In part 1 of this two-part series, yesterday I’d written about what discernment is, and that there is discernment as a skill that all Christians are to train themselves in (Hebrews 5:14), and discernment as a gift of the Spirit given to some. (1 Corinthians 12:10).

In this final part 2, we look at how the gift of distinguishing of spirits is supposed to work.

One might think from the mushrooming of discernment blogs lately that all the discernment folks do is go around crying out all day like the Monster Shouter in the movie The Stand. Not so. Speaking is the very last thing a discernment person does after first employing other steps (this is in my opinion, developed from experience. Your mileage may vary).

First, if a person has the gift of discernment, its employment should always be paired with prayer. One’s initial response before employing the gift (or any gift) should always be to pray. Confessing one’s sin and being submitted to the word is important because this tunes a person in their walk. Then, if you have a discernment concern, don’t make a move without prayer. Discernment is a gift from the Spirit and thus, the Spirit operates it in the person’s life and for the betterment of the Body. So pray to the Spirit in the Spirit!

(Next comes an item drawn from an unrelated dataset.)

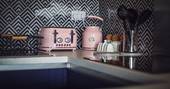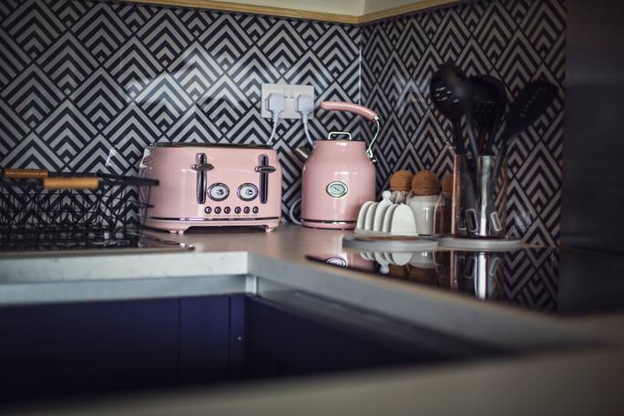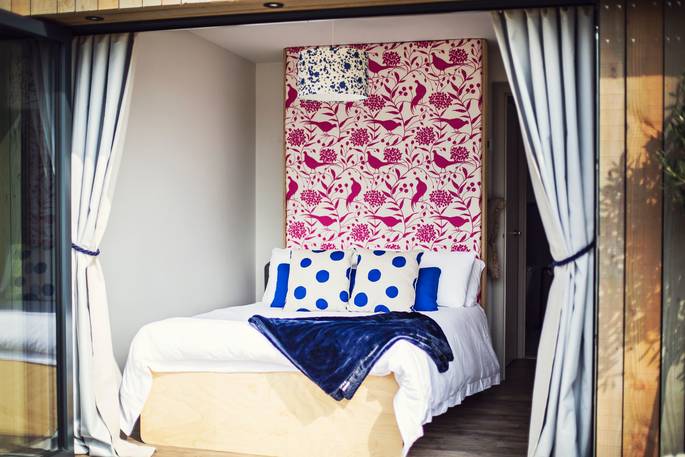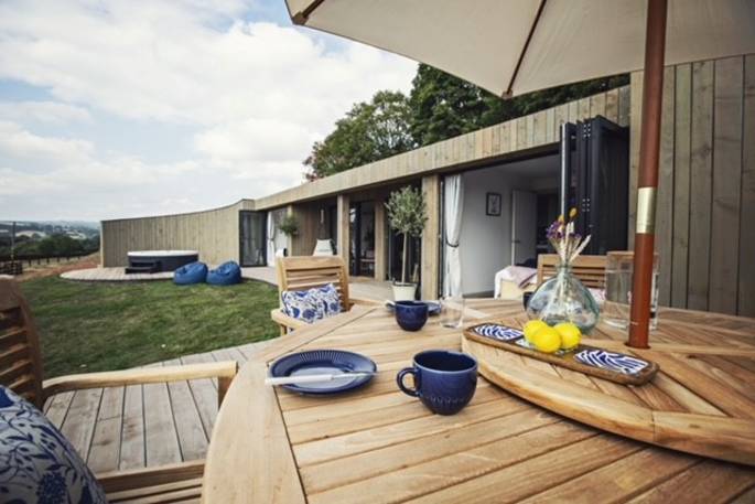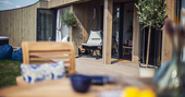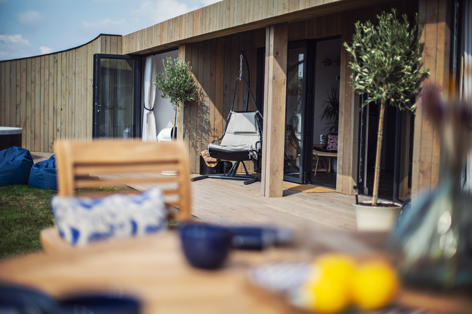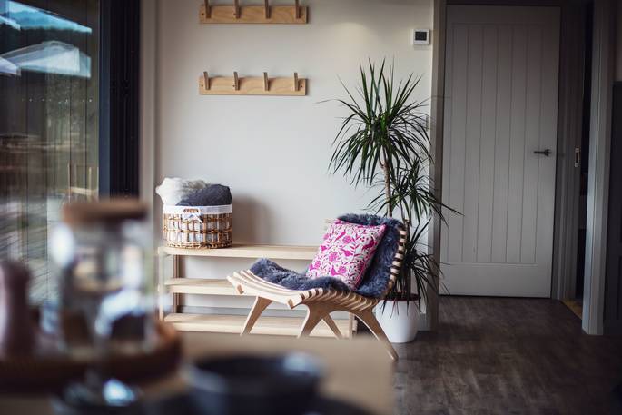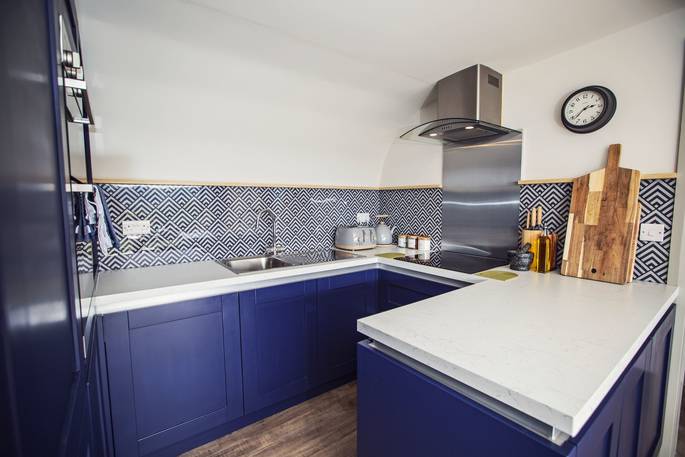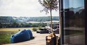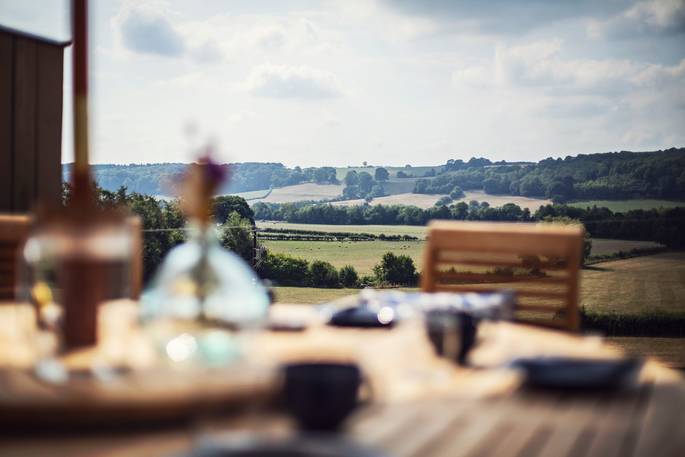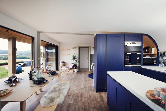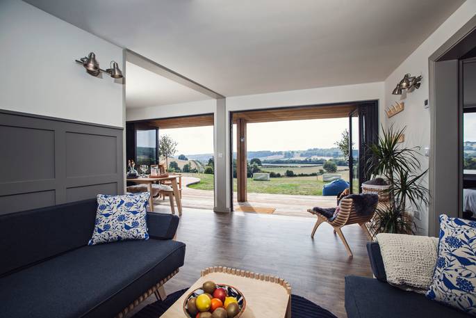 At every turn in Meadow Cabin, you’ll find your needs catered to in considerable style. A day in the life of The Meadow reads like a daydream. Morning starts when you pull back the curtains and the bifold doors to let the day in, starting off with a view of the Black Mountains in the distance. If you’ve brought your kids, you’ll see them rush to open the rest of the bifolds that stretch the front of the building, and out onto the lawn to dive onto bean bags. And if you’ve brought friends, quite likely the same. Though the kitchen might just be used for decadent breakfasts, lunches for the al fresco dining table, or hearty dinners after a bountiful day finding farm shop supplies – it’s so well equipped, you could spend the day baking delights with the accoutrements in the cupboards (ingredients not included).

Next, I observe for a long time before making a move. I wait on the Lord- maybe the prayers will be answered and the situation resolved without further action. Maybe the person will repent, or see the light. I wait because the Lord might want to use another discernment person int he church and not me this time. I wait also because, I could be wrong. Being a trigger happy discernment person would confuse things and be a poor witness for Jesus.

The next step I employ is to be patient while all this is going on. I keep it to myself, or touch base with one mature person outside the situation to ask them to pray for me. Then I wait some more, patiently.

Picture discernment people standing alone at a high forward outpost, watching over the military field for invaders. Or on a Forest Fire tower watching out for the flame. You can see the invaders or the flames much earlier than can the people busy down in the fort. You sound an alarm, like “They are coming, they are on the horizon.” Or, “the flames are getting closer.” If your church had observed you and confirmed you have the gift, they will listen and take action. Others, sadly, will not listen to you until or unless they can see the flames, but by them often it’s too late, a lot of damage has been done.

In the old TV cowboy western show Bonanza, (1959-1973) the opening credits featured a map of the ranch. This is a piece of Americana. Then in the middle of the map you see a small flame, then quickly it grows and destroys the map.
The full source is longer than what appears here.